These are the key concepts you need to understand to accurately answer the question.

Present Value
Present value refers to the current worth of a future sum of money or stream of payments, given a specified rate of return. It reflects the principle of time value of money which holds that a dollar today is worth more than a dollar in the future due to its potential earning capacity. Calculating the present value of future dividends involves discounting each of those future cash flows back to their value today. This is essential in finance for making informed investment decisions.
To compute the present value of a series of future dividends, like in Bucksnort, Inc.'s case, you apply a discount rate, which in this scenario is the required rate of return. By discounting the future dividends of $13, $16, $19, $22, and $25 using the 11% rate, we determine their worth in today's terms, adding them up to find the total present value at $67.89.
Dividend Policy
A company's dividend policy outlines how it distributes its earnings to shareholders. Dividends can be issued as cash payments, shares of stock, or other forms. The policy affects how much money shareholders receive directly and speaks to how much trust the company has in reinvesting profits back into its business.
  • Odd Dividend Policy: Bucksnort, Inc. follows an "odd" dividend policy where it pays increasing dividends for a limited period and then ceases dividends entirely. This policy may attract certain investors looking for short-term dividend returns rather than long-term growth.
  • Implications: It suggests a lack of future expansion plans or using earnings for growth, which might deter long-term investors who prefer companies with continual dividends or growth prospects.
Understanding such policies helps investors predict future cash flows from dividends, crucial for accurate stock valuation.
Required Rate of Return
The required rate of return is the minimum percentage return an investor expects to receive from an investment to justify the risk taken. It factors in the opportunity cost of capital, inflation, and risk level associated with the investment.
For Bucksnort, Inc., the required rate is 11%. This means investors demand at least an 11% return annually to compensate for the potential risks involved in investing in the company's stock.

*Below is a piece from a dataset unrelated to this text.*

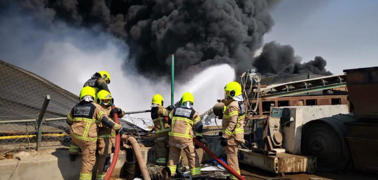 فرق الدفاع المدني في دبي تسيطر على حريق في مكب لمخلفات الزيوت في منطقة جبل علي الصناعية
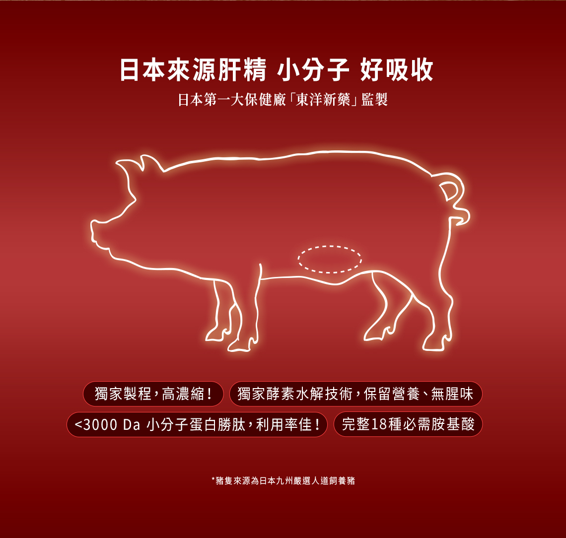 | 日本來源豬肝水解物(5× 濃縮) | <3000 Da 小分子蛋白胜肽;提供 18 種胺基酸等營養來源;好吸收、好補充,作為日常代謝節律與規律作息的搭配。 |

  • Calculation Use: This rate is critical in the present value calculation, serving as the discount rate. Higher required returns decrease the present value of future dividends, thus affecting the stock price investors are willing to pay.
  • Investor's Perspective: It reflects how much return investors need to feel comfortable risking their capital, balancing between desired profitability and acceptable risk.

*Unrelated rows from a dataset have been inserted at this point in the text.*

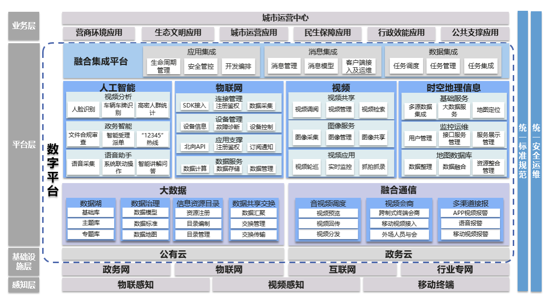 技術(shù)實(shí)現(xiàn)以數(shù)字平臺為核心,提供包括云計(jì)算、大數(shù)據(jù)、時(shí)空信息服務(wù)、視頻云、融合通信、物聯(lián)網(wǎng)、人工智能等能力,統(tǒng)一由能力開放平臺進(jìn)行服務(wù)發(fā)布和接口管理。
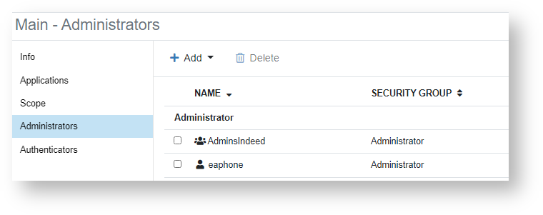 - Go to the Administrators tab and assign administrator rights to a service user who has access to the Indeed AM EaPhone Server.
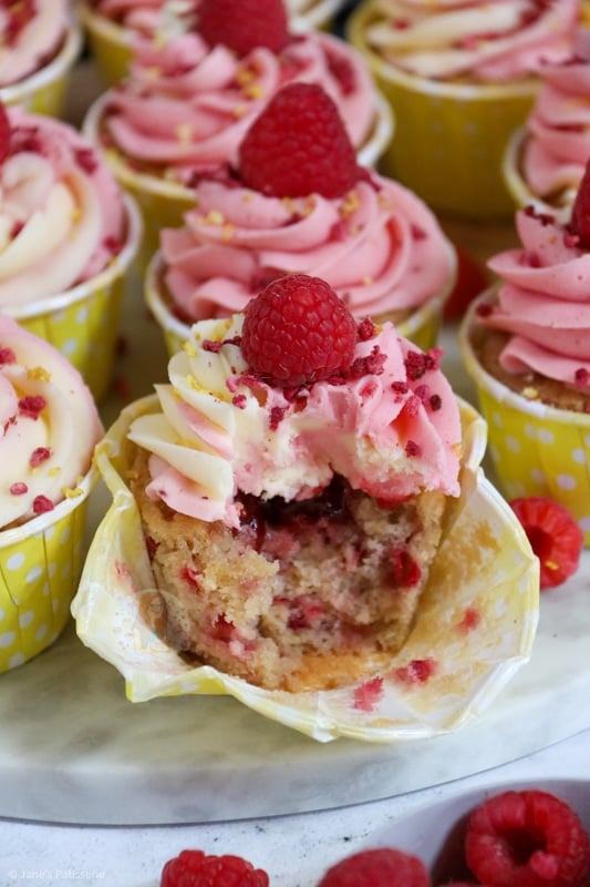 I piped the buttercream onto the cupcakes, sprinkled on some freeze dried raspberries, lemon zest and added a fresh raspberry and they were done! I do think they’re super pretty cupcakes, as well as being utterly scrumptious.

Understanding this rate is vital for evaluating whether an investment meets personal financial goals and risk appetite.
Stock Valuation
Stock valuation involves determining the intrinsic value of a company's shares, thereby guiding investment decisions. The aim is to calculate what a stock is truly worth based on current and future financial metrics, like dividends.

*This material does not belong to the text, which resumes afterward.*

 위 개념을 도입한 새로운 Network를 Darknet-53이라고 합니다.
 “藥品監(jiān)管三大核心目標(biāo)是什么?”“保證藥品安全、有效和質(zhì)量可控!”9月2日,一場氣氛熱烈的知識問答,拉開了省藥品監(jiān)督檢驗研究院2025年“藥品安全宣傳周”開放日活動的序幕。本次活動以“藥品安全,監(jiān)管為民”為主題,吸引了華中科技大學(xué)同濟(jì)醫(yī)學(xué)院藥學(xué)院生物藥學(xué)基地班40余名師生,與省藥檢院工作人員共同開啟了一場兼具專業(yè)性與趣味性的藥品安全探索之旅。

Bucksnort, Inc.'s valuation relies heavily on the calculation of the present value of its expected dividends, reflecting what an investor should pay today. This approach treats the sum of the present value of all future dividends as the fair price for the stock today.
  • Valuation Techniques: Common methods include discounted dividend models (like our example), and other approaches considering earnings, cash flow, or asset values.
  • Impact of Dividends: Nonconstant or unconventional dividend patterns, like Bucksnort's, necessitate more complex valuations to accurately reflect the fleeting dividend cash flows.
Accurate stock valuation ensures investors make informed decisions, basing the purchase price on calculated, realistic future cash returns.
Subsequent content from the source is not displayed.